Posted: 16/11/2020
Political commitments to greater environmental sustainability are translating into policies and legislation in the EU and UK to encourage circular economies: switching from the linear ‘take-make-consume-dispose’ model for products to ‘closed loop’ industrial processes.
Legislating to deal with waste and the environment is not new and current initiatives on the circular economy build on other work done in recent years.
In 2018 four EU amending directives came into force, requiring transposition into national law by July 2020 of amendments to the 2008 Waste Framework Directive, the Landfill Directive 1999, the Packaging Waste Directive 1994, the End-of-Life Vehicles Directive 2000, the Batteries Directive 2006 and the Waste Electrical and Electronic Equipment Directive 2012. Member states are required to take steps to introduce a waste hierarchy, to encourage reuse and recycling of materials and to ensure recyclable waste is not sent to landfill (targets on recycling municipal waste are 55% by 2025, rising to 65% by 2035 and for packaging 65% by 2025 and 70% by 2030). Landfill is targeted to reduce to 10% of municipal waste by 2035.
In July this year, the UK Government and devolved administrations in Scotland, Wales and Northern Ireland committed to the implementation of the amending directives, through a mixture of legislative and non-legislative action. The Waste (Circular Economy) (Amendment) Regulations 2020 came into force on 1 October 2020 and amended a raft of primary and secondary legislation on waste, to cross-refer to the updated EU legislation and its requirements.
The European Green Deal, launched in December 2019, is an overarching initiative to encourage economic growth whilst tackling sustainability issues. It has been followed by the Commission’s Circular Economy Action Plan 2020. In September 2020 the Commission released a sustainable products initiative – ‘Inception Impact Assessment Roadmap’ - intended to drive environmental high performance through sustainability principles and requirements for all products and services put onto the EU market.

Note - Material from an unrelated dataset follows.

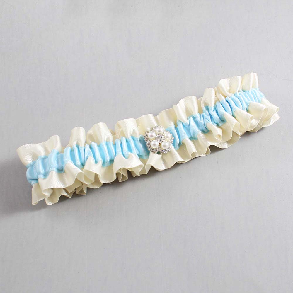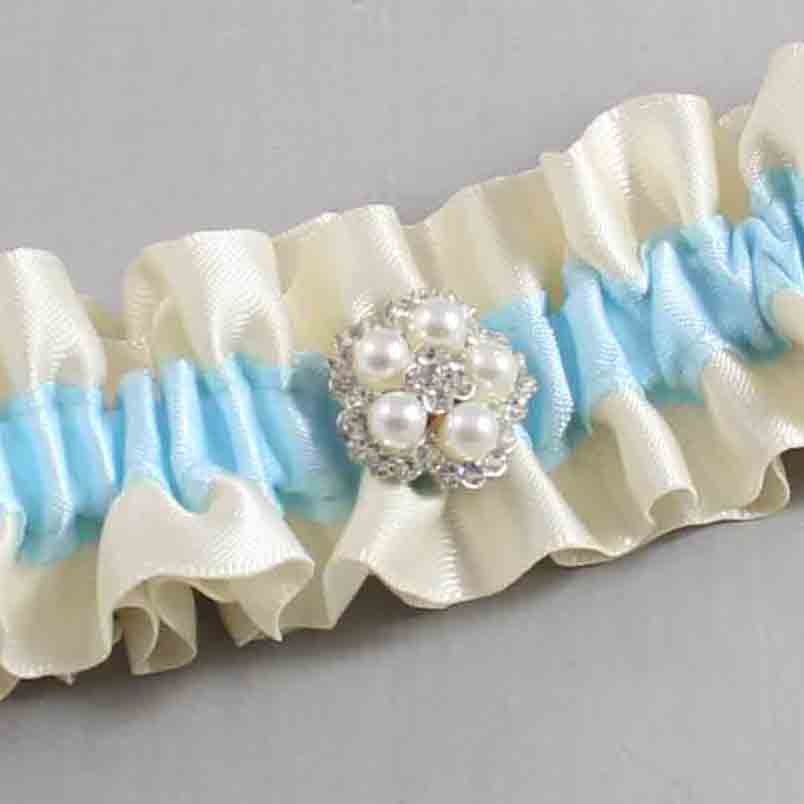 Ivory and Alice Blue Satin Wedding Garter / Ivory and Blue Wedding Garters / Ercia # (871-305)-01-M20

The circular economy remains on the EU agenda and through a range of plans and initiatives, the Commission has prioritised the following areas: excessive packaging, recovering value from waste, ending the export of waste to non-EU territories, batteries, plastics, construction and ICT equipment, extending the ecodesign directive to non-energy-related products and improving consumer information.
The 2019 Single-Use Plastic Directive requires member states to: reduce consumption of food containers and cups; ban products such as cutlery, plates, straws, stirrers and polystyrene food containers; introduce extended producer responsibility for subsequent use and disposal of the products; and introduce separate collection for the purpose of recycling for 77% of products by 2025/90% by 2029. Member states must also introduce penalties for non-compliance. The implementation deadline is July 2021.
In May this year, the Commission also set out plans for a new regulation, in the first half of 2021, updating maximum waste concentration limit values for persistent organic pollutants, which pose particular risks to the environment and health as they concentrate in food chains.
Given the EU’s policy focus, additional legislation in coming years to further promote a circular economy seems likely.
Having left the EU on 31 January 2020, the UK is currently in the transition period which ends on 31 December 2020. During 2020 the UK is treated as an EU member state in terms of the implementation and application of existing and new EU law. From 1 January 2021, existing EU-derived law related to waste and the promotion of a circular economy will continue to operate in the UK as retained domestic law.
The circular economy is on the agenda for UK policy makers as it is for the EU. The UK Government has a ‘resources and waste strategy’ which includes plans to tackle the ‘throw-away’/‘disposable’ mindset in relation to consumer goods and to support and strengthen options for re-use, re-manufacture, repair and recycling; and the devolved administrations have separate plans. In the consumer product context, repair of products raises some legitimate safety concerns, especially if the aim is to enable consumers to perform repairs themselves. That said, with a genuine desire to achieve sustainability, and to accept the potentially adverse impacts that goal might entail for profitability, these highly laudable and necessary structural changes are more than achievable.
Whilst implementation of the Single Use Plastics directive falls after the Brexit transition period and so will not become retained EU law, the UK Government has plans for similar measures.
Brexit is unlikely, therefore, to lead to any immediate or dramatic change in the UK domestic law related to the promotion of a circular economy.
However, looking to the future, this is a policy area in which Brexit on the one hand and devolution on the other raise the likelihood of divergence, in legislative and policy details and in substantive standards, as between the EU and UK nations.
Given the size of the EU market, and that this is a policy area in which the EU is a leading developer of new regulation, compliance with EU standards (which may be over-and-above UK requirements), is likely to continue to be a practical (and often legal) necessity for many businesses.
Product and packaging designers and manufacturers, as well as others in the supply chain, need to engage with this issue to ensure compliance with current legislation and to be ready for the inevitable further steps taken to promote a circular economy.